In November 2015, the Financial Accounting Standards Board (“FASB”) issued Accounting Standards Update (“ASU”) 2015-17, “Income Taxes (Topic 740): Balance Sheet Classification of Deferred Taxes.” Current generally accepted accounting principles require an entity to separate deferred income tax liabilities and assets into current and noncurrent amounts in a classified statement of financial position. The new amendments in this ASU require that deferred tax liabilities and assets be classified as noncurrent in a classified statement of financial position. The provisions of this ASU are effective for annual periods beginning after December 15, 2016, and for annual and interim periods thereafter. Early application is permitted. The Company prospectively adopted this ASU during the fourth quarter of 2015. Adoption of this ASU did not have a material impact on the Company’s financial position and results of operations.

In September 2015, the FASB issued ASU 2015-16, “Business Combinations (Topic 805)—Simplifying the Accounting for Measurement-Period Adjustments.” The new standard requires that an acquirer recognize adjustments to provisional amounts that are identified during the measurement period in the reporting period in which the adjustments are identified, including the cumulative effect of the change in the provisional amount as if the accounting had been completed at the acquisition date. This ASU is effective for reporting periods beginning after December 15, 2015. Adoption of this ASU could have a material impact on the Company’s financial position and results of operations.

In July 2015, the FASB issued ASU 2015-11, “Inventory (Topic 330)—Simplifying the Measurement of Inventory.” The amendments in this ASU apply to all inventory that is measured using first-in, first-out or average cost. The new standard requires that an entity measure inventory within the scope of this update at the lower of cost and net realizable value. Net realizable value is the estimated selling prices in the ordinary course of business, less reasonably predictable costs of completion, disposal, and transportation. The amendments in this ASU are effective for fiscal years beginning after December 15, 2016, including interim periods within those fiscal years. Adoption of this ASU is not expected to have a material impact on the Company’s financial position and results of operations.

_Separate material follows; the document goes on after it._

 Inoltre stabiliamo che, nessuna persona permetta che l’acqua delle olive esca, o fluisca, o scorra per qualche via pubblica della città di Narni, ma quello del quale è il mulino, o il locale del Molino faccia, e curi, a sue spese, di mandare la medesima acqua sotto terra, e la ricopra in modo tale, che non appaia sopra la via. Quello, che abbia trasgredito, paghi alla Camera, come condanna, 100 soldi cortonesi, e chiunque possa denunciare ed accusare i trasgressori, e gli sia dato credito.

In August 2014, the FASB issued ASU 2014-15, “Presentation of Financial Statements—Going Concern (Subtopic 205-40): Disclosure of Uncertainties about an Entity’s Ability to Continue as a Going Concern.” Under the new guidance, management will be required to assess an entity’s ability to continue as a going concern, and to provide related footnote disclosures in certain circumstances. The provisions of this ASU are effective for annual periods beginning after December 15, 2016, and for annual and interim periods thereafter. This ASU is not expected to have an impact on the Company’s financial statements or disclosures.

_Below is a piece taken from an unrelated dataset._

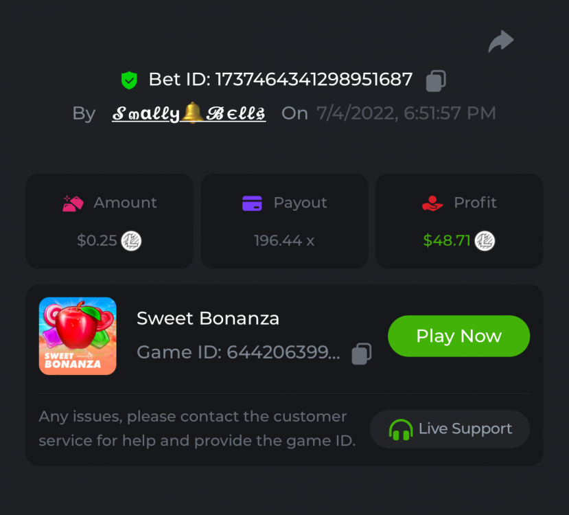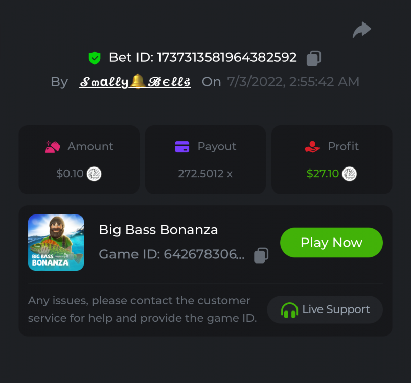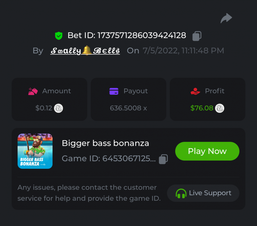 1. Sweet Bonanza: 196.44x https://hash.game/sd/?sd=10O1L1AME2AO0J Gates of Olympus: 360x https://hash.game/sd/?sd=10NXINXXM5HPUB Big Bass Bonanza: 272.5x https://hash.game/sd/?sd=10NXGKI8MBUBYR Wild West Gold Megaways: 209.12x https://hash.game/sd/?sd=10NSHRFA3IZXG3 Bigger Bass Bonanza: 636.5x https://hash.game/sd/?sd=10O4IBZ1B94M4Z Sweet Bonanza Xmas: 423x https://hash.game/sd/?sd=10NSIW1H25RBBN Starlight Princess: 285.36x https://hash.game/sd/?sd=10NSBCSCJUJAJ7 Dog House Megaways: 415x https://hash.game/sd/?sd=10NTX8PH8UUHHV It doesn't matter for anything but just FYI in case it's reused - the prize pool table pic says "4rd place" lol Bounty: 50x (idk why its .0001x - LTC fluctuations maybe...was a $5.00 win on a $0.10 bet though) https://hash.game/sd/?sd=10NXOMAF8XVF2R

In May 2014, the FASB issued ASU 2014-09, “Revenue from Contracts with Customers (Topic 606),” which supersedes all existing revenue recognition requirements, including most industry-specific guidance. This standard requires a company to recognize revenue when it transfers goods and services to customers in an amount that reflects the consideration that the company expects to be entitled to in exchange for those goods or services. The ASU also requires additional disclosure about the nature, amount, timing and uncertainty of revenue and cash flows arising from customer contracts, including significant judgments and assets recognized from costs incurred to obtain or fulfill a contract. This pronouncement is effective for annual reporting periods beginning after December 15, 2017, including interim periods within that reporting period. The two permitted transition methods under the new standard are the full retrospective method, in which case the standard would be applied to each prior reporting period presented, or the modified retrospective method, in which case the cumulative effect of applying the standard would be recognized at the date of initial application. The Company has not yet selected a transition method. The Company is currently evaluating the requirements of ASU 2014-09 and we have not yet determined its impact on the Company’s consolidated financial statements.